[Stored data]
▬▬▬▬▬▬▬▬▬▬

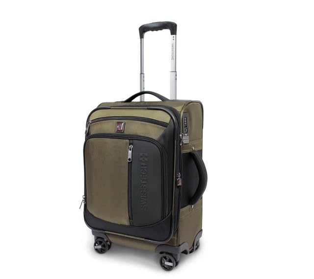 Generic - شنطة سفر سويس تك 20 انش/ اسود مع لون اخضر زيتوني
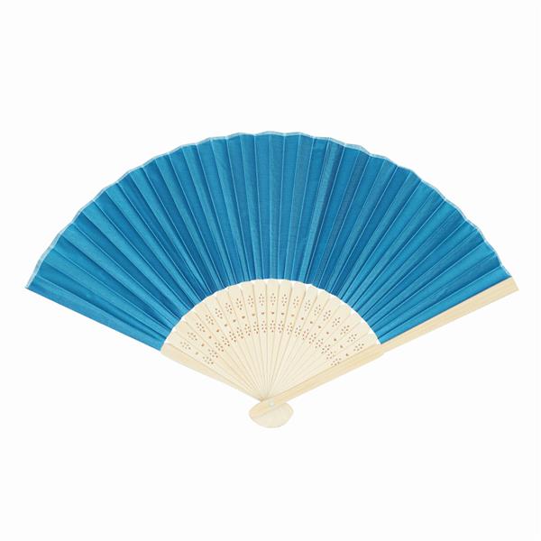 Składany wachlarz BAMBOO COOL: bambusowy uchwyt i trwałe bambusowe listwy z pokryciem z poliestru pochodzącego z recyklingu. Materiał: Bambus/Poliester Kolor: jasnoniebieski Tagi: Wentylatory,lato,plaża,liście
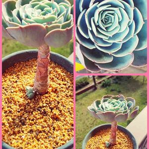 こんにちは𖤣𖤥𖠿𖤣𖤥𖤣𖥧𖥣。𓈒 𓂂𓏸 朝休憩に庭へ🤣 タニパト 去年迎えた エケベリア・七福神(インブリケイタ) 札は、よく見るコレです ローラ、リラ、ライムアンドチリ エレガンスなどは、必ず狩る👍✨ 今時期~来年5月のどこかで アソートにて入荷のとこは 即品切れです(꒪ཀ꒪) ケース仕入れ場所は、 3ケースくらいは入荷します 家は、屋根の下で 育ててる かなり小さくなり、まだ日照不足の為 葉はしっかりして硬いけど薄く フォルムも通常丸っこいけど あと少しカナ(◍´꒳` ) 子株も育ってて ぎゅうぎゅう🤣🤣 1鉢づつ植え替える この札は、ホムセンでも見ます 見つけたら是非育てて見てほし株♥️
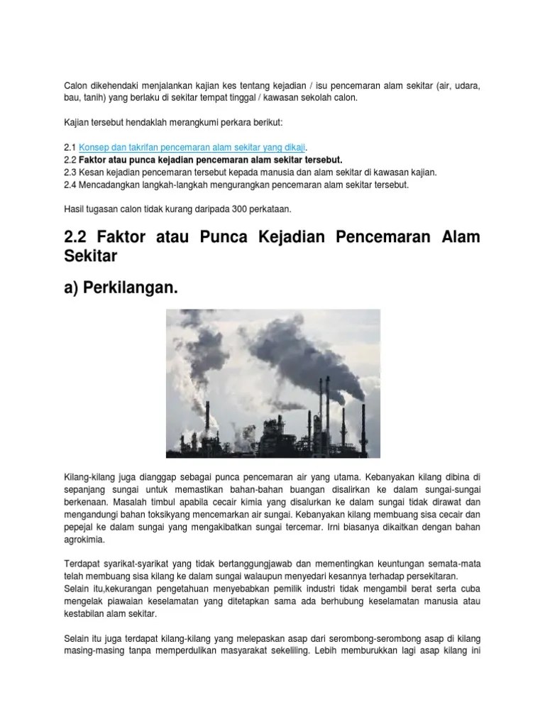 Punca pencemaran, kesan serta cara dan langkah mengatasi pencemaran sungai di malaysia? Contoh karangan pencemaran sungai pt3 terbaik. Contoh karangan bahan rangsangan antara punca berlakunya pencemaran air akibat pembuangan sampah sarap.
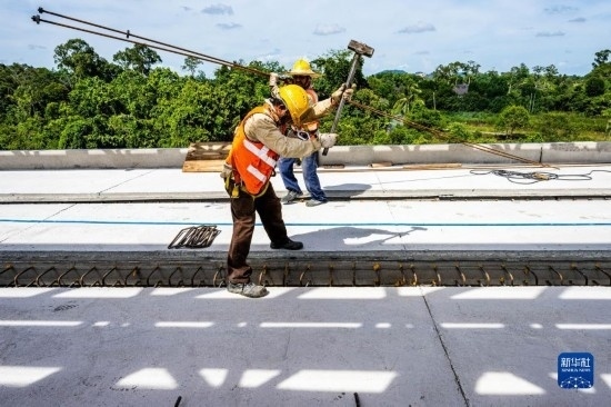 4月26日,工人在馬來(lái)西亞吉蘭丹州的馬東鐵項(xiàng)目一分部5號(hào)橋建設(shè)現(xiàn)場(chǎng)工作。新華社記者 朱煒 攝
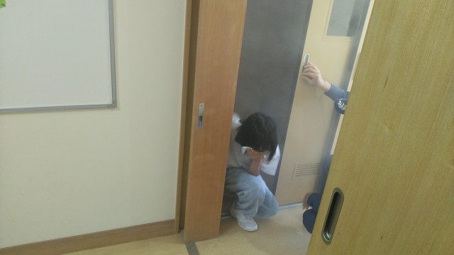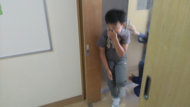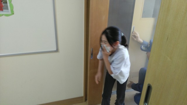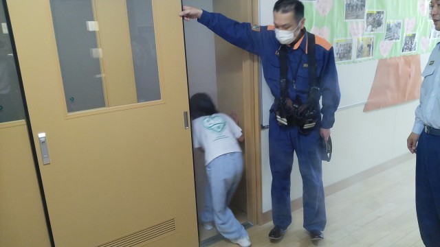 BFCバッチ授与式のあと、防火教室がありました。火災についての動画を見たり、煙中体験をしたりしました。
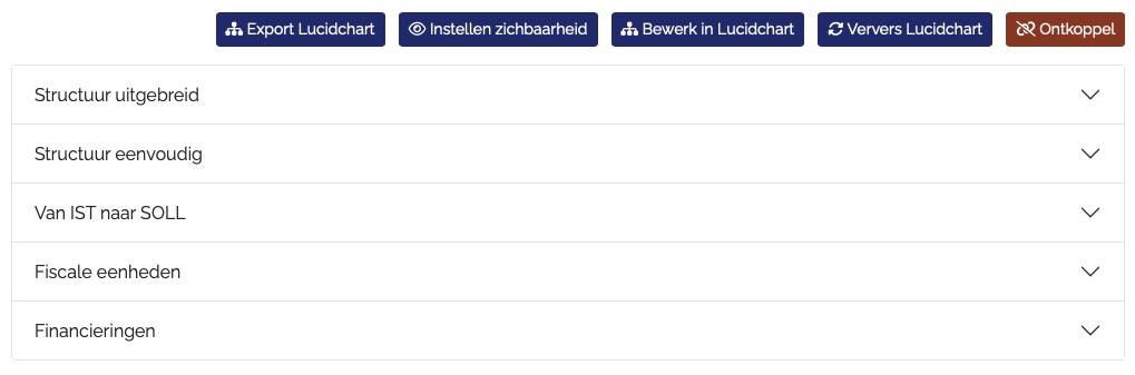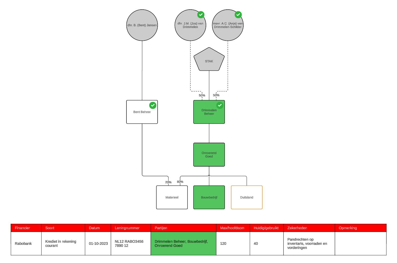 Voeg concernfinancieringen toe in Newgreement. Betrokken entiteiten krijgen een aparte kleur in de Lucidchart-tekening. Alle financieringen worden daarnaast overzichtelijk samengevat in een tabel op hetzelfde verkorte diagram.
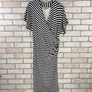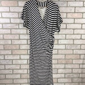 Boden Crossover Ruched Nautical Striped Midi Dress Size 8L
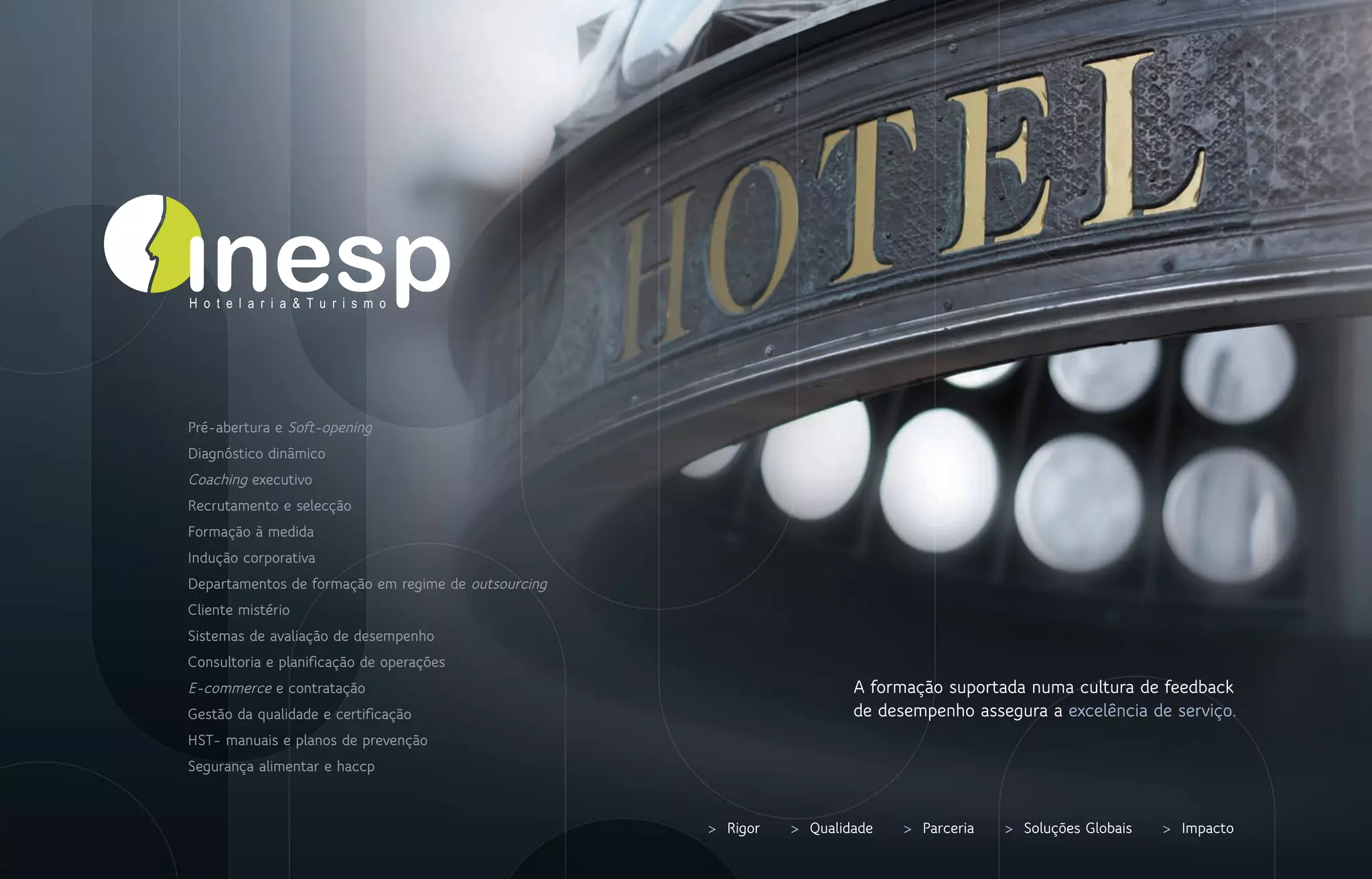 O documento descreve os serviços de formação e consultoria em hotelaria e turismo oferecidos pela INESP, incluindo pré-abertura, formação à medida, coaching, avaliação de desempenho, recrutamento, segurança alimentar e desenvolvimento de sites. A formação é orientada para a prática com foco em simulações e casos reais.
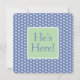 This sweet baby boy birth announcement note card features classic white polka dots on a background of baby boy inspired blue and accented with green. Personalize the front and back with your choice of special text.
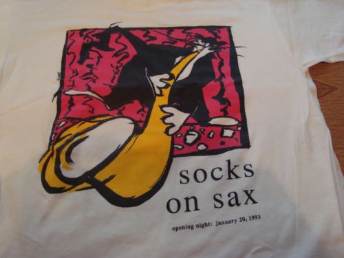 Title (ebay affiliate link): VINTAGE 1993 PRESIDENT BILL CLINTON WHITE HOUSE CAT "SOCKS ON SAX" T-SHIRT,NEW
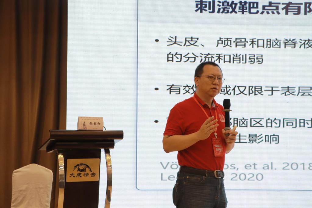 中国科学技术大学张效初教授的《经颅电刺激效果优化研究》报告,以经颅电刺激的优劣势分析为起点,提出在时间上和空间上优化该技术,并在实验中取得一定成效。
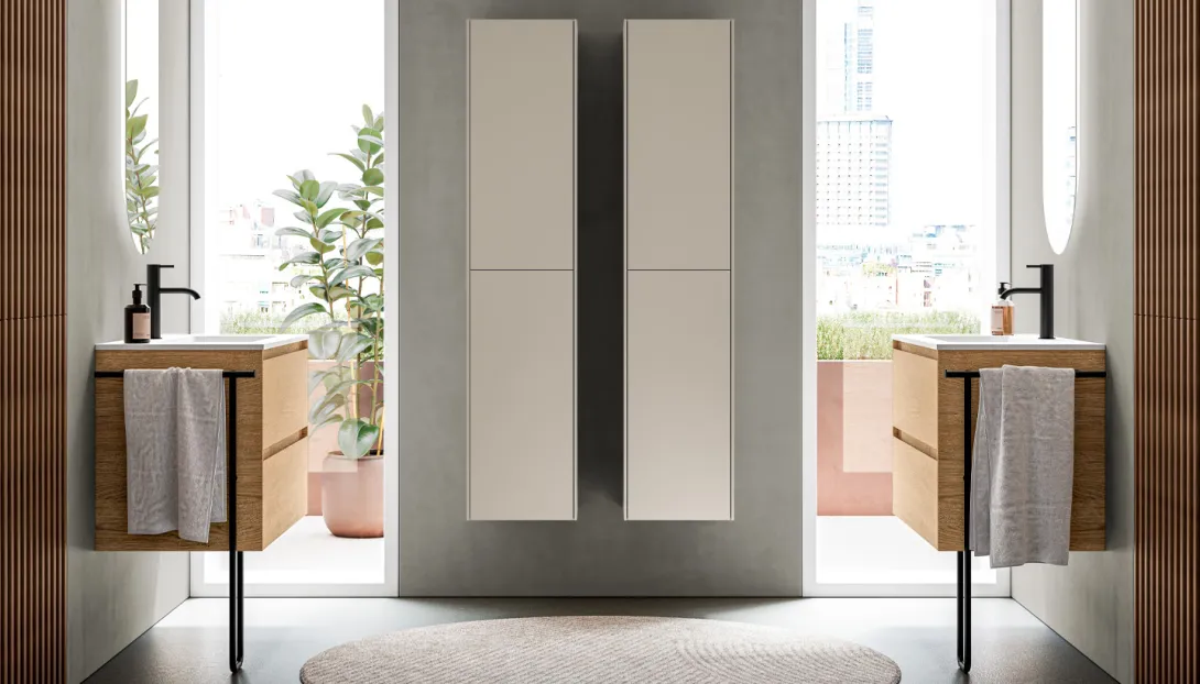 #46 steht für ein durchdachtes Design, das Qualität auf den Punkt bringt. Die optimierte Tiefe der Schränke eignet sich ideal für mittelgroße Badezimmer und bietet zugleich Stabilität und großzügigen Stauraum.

▬▬▬▬▬▬▬▬▬▬

▶ Work request: From the first line to the last, output the data exactly, without the pictures.

▶ Exercise output:
 Generic - شنطة سفر سويس تك 20 انش/ اسود مع لون اخضر زيتوني
 Składany wachlarz BAMBOO COOL: bambusowy uchwyt i trwałe bambusowe listwy z pokryciem z poliestru pochodzącego z recyklingu. Materiał: Bambus/Poliester Kolor: jasnoniebieski Tagi: Wentylatory,lato,plaża,liście
 こんにちは𖤣𖤥𖠿𖤣𖤥𖤣𖥧𖥣。𓈒 𓂂𓏸 朝休憩に庭へ🤣 タニパト 去年迎えた エケベリア・七福神(インブリケイタ) 札は、よく見るコレです ローラ、リラ、ライムアンドチリ エレガンスなどは、必ず狩る👍✨ 今時期~来年5月のどこかで アソートにて入荷のとこは 即品切れです(꒪ཀ꒪) ケース仕入れ場所は、 3ケースくらいは入荷します 家は、屋根の下で 育ててる かなり小さくなり、まだ日照不足の為 葉はしっかりして硬いけど薄く フォルムも通常丸っこいけど あと少しカナ(◍´꒳` ) 子株も育ってて ぎゅうぎゅう🤣🤣 1鉢づつ植え替える この札は、ホムセンでも見ます 見つけたら是非育てて見てほし株♥️
 Punca pencemaran, kesan serta cara dan langkah mengatasi pencemaran sungai di malaysia? Contoh karangan pencemaran sungai pt3 terbaik. Contoh karangan bahan rangsangan antara punca berlakunya pencemaran air akibat pembuangan sampah sarap.
 4月26日,工人在馬來(lái)西亞吉蘭丹州的馬東鐵項(xiàng)目一分部5號(hào)橋建設(shè)現(xiàn)場(chǎng)工作。新華社記者 朱煒 攝
 BFCバッチ授与式のあと、防火教室がありました。火災についての動画を見たり、煙中体験をしたりしました。
 Voeg concernfinancieringen toe in Newgreement. Betrokken entiteiten krijgen een aparte kleur in de Lucidchart-tekening. Alle financieringen worden daarnaast overzichtelijk samengevat in een tabel op hetzelfde verkorte diagram.
 Boden Crossover Ruched Nautical Striped Midi Dress Size 8L
 O documento descreve os serviços de formação e consultoria em hotelaria e turismo oferecidos pela INESP, incluindo pré-abertura, formação à medida, coaching, avaliação de desempenho, recrutamento, segurança alimentar e desenvolvimento de sites. A formação é orientada para a prática com foco em simulações e casos reais.
 This sweet baby boy birth announcement note card features classic white polka dots on a background of baby boy inspired blue and accented with green. Personalize the front and back with your choice of special text.
 Title (ebay affiliate link): VINTAGE 1993 PRESIDENT BILL CLINTON WHITE HOUSE CAT "SOCKS ON SAX" T-SHIRT,NEW
 中国科学技术大学张效初教授的《经颅电刺激效果优化研究》报告,以经颅电刺激的优劣势分析为起点,提出在时间上和空间上优化该技术,并在实验中取得一定成效。
 #46 steht für ein durchdachtes Design, das Qualität auf den Punkt bringt. Die optimierte Tiefe der Schränke eignet sich ideal für mittelgroße Badezimmer und bietet zugleich Stabilität und großzügigen Stauraum.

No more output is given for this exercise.